Manipulating NER Candidates
You can manipulate entity candidates seamlessly, facilitating external database searches, and tailored flow authoring to meet specific contextual needs.
The Flow Engine identifies all candidates from an utterance and stores information for each candidate in a dedicated system entity as follows:
- [[Intent]].Entities[0].Text: Stores the value of the candidate (the word identified as a candidate).
- [[Intent]].Entities[0].Name: Stores the name of the entity for the identified candidate value.
For example, from the training phrase: "What computer science Entity classes do you have in London Entity?" the Flow Engine identifies two possible candidates and stores their values as follows:
- [[Intent]].Entities[0].Text: "computer science"
- [[Intent]].Entities[0].Name: "CourseTopic"

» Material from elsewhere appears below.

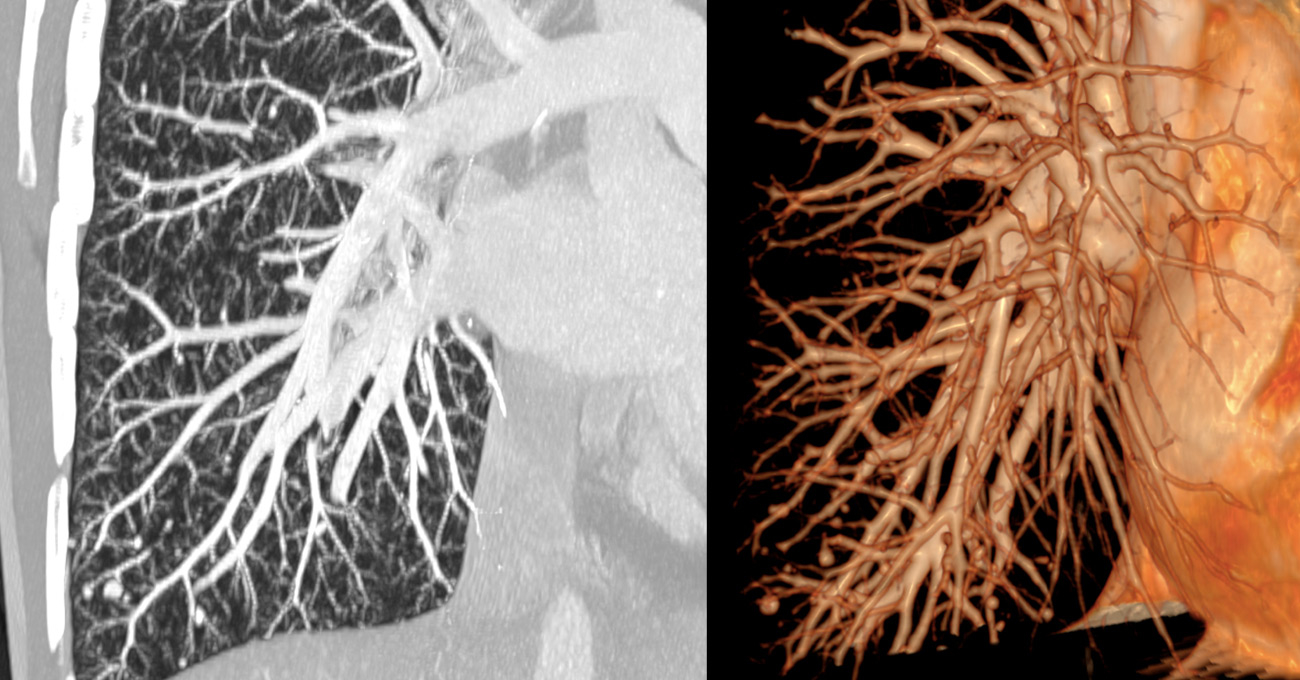Maximun intensity imaging and 3D reconstructions of pulmonary computed tomography angiography showing numerous pulmonary arteriovenous malformations in a female 50 years old female patient known to have hereditary haemorrhagic telangectasia.

- [[Intent]].Entities[1].Text: "London"
- [[Intent]].Entities[1].Name: "Location"
Where "CourseTopic" and "Location"are umbrella entities.
To determine the number of candidates found by the Flow Engine, use [[Intent]].Entities.Count(). Additionally, for each candidate, perform an extended NER using the internal action LookupEntity with the following parameters:
{
“Index”: “<the value stored in [[Intent]].Entities[0].Name>”,
“Value”: “[[Intent]].Entities[0].Text”,
“MinScoreThreshold”: <integer>
}
For example:
{
“Index”: “CourseTopic”,
“Value”: “[[Intent]].Entities[0].Text”,
“MinScoreThreshold”: 40
}
Based on your requirements, you can customize the flow by either adding an integration to search candidates in an external database, adding them to an external index or informing the user if it does not exist (if [[Intent]].Entities[0].Text==0).